• **EXERCISE DESCRIPTION**:
All lines from the one containing "The owner spent" through the last line of the listing below are to be copied exactly. Exclude the pictures.

START COLLECTED MATERIAL

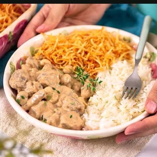 Arroz, batata palha ,estrogonofe de frango e pure de batata
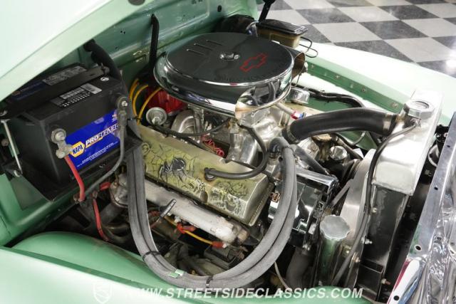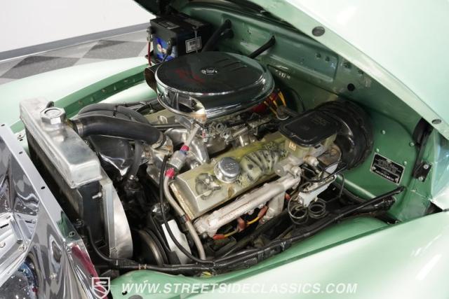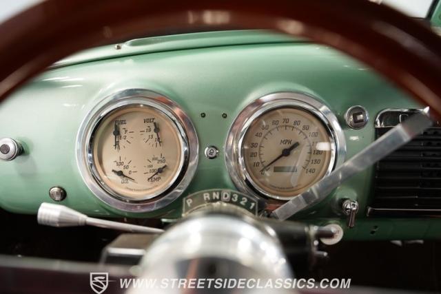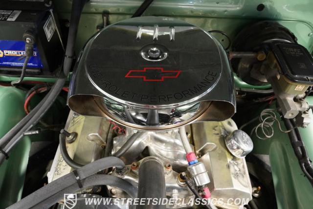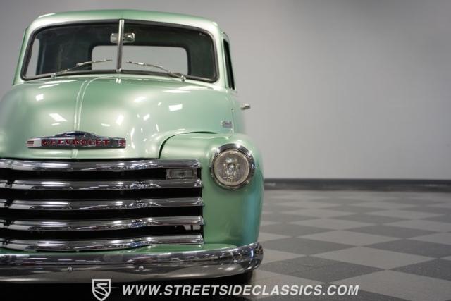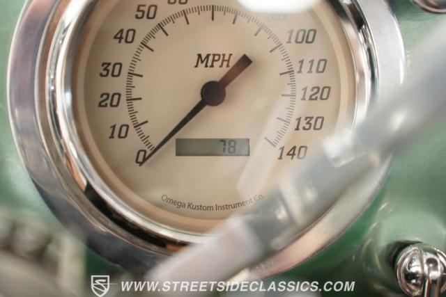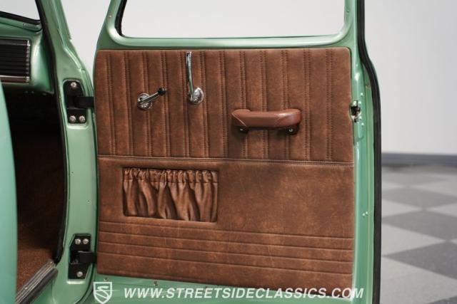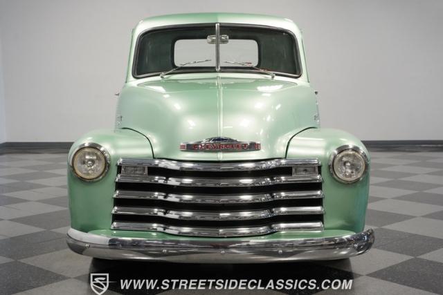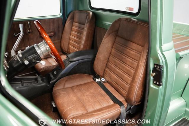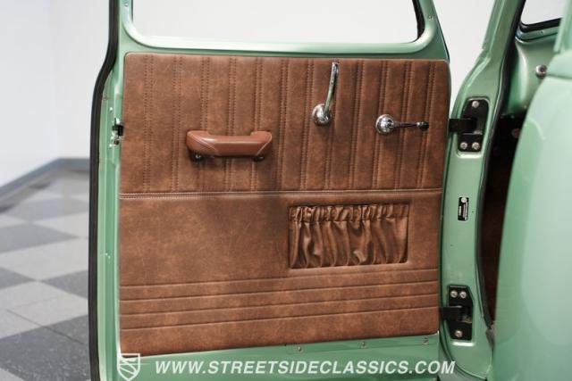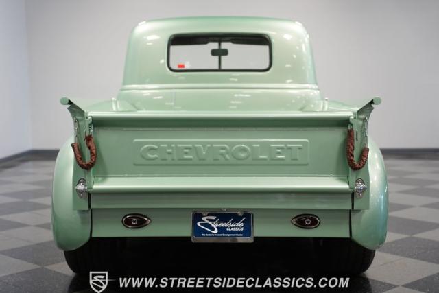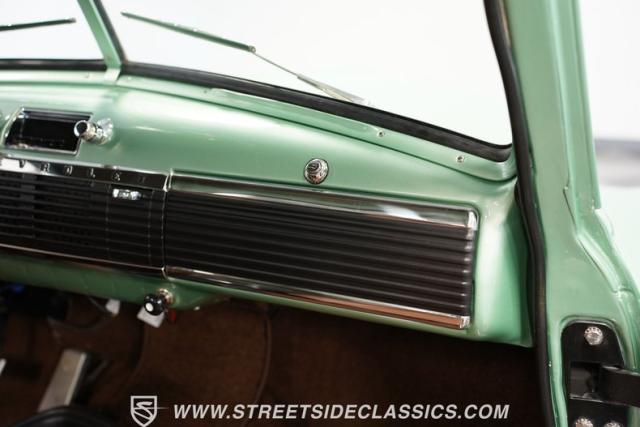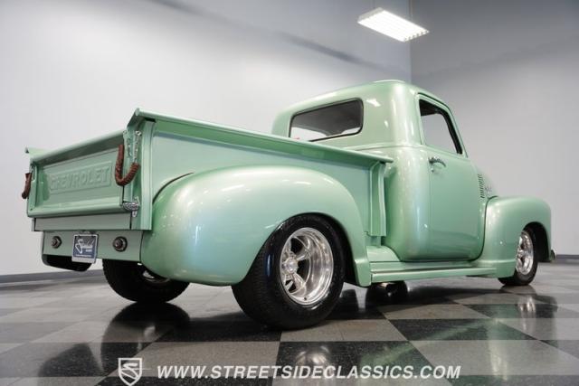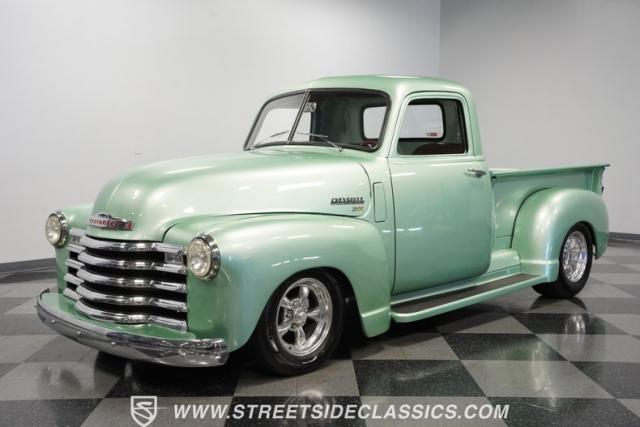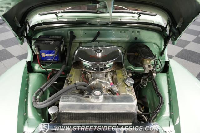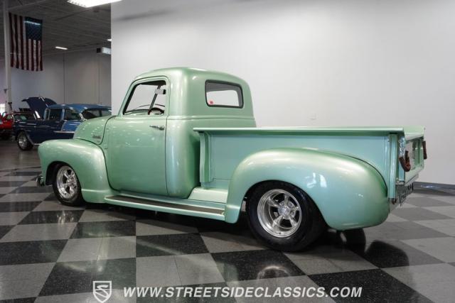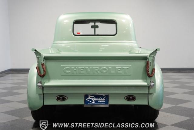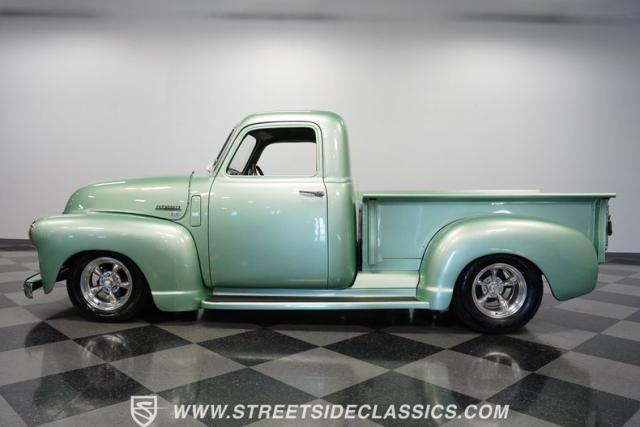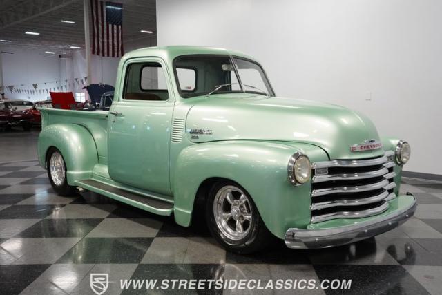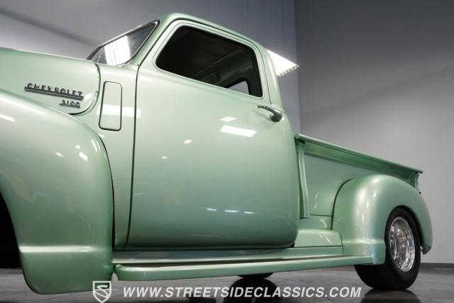 The owner spent four years crafting this 1949 Chevrolet 3100 into a stunning custom build. The pearl metallic Mint Green finish perfectly accentuates the classic lines of this vintage pickup. American Racing 15-inch wheels wrapped in 215/65R15 front and meaty 275/60R15 rear tires give this truck an authoritative stance. Custom touches include a raised wooden bed with polished stainless inserts, fiberglass rear fenders, and a sleek rolled rear pan with custom taillights. Chrome details on the front bumper, grille, and emblems provide brilliant contrast, while brown leather-wrapped tailgate chains add an unexpected custom touch.
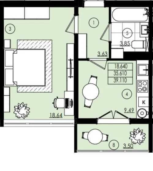 • Общая площадь 39 м2

END COLLECTED MATERIAL

• **RESULT OF THIS EXERCISE**:
 The owner spent four years crafting this 1949 Chevrolet 3100 into a stunning custom build. The pearl metallic Mint Green finish perfectly accentuates the classic lines of this vintage pickup. American Racing 15-inch wheels wrapped in 215/65R15 front and meaty 275/60R15 rear tires give this truck an authoritative stance. Custom touches include a raised wooden bed with polished stainless inserts, fiberglass rear fenders, and a sleek rolled rear pan with custom taillights. Chrome details on the front bumper, grille, and emblems provide brilliant contrast, while brown leather-wrapped tailgate chains add an unexpected custom touch.
 • Общая площадь 39 м2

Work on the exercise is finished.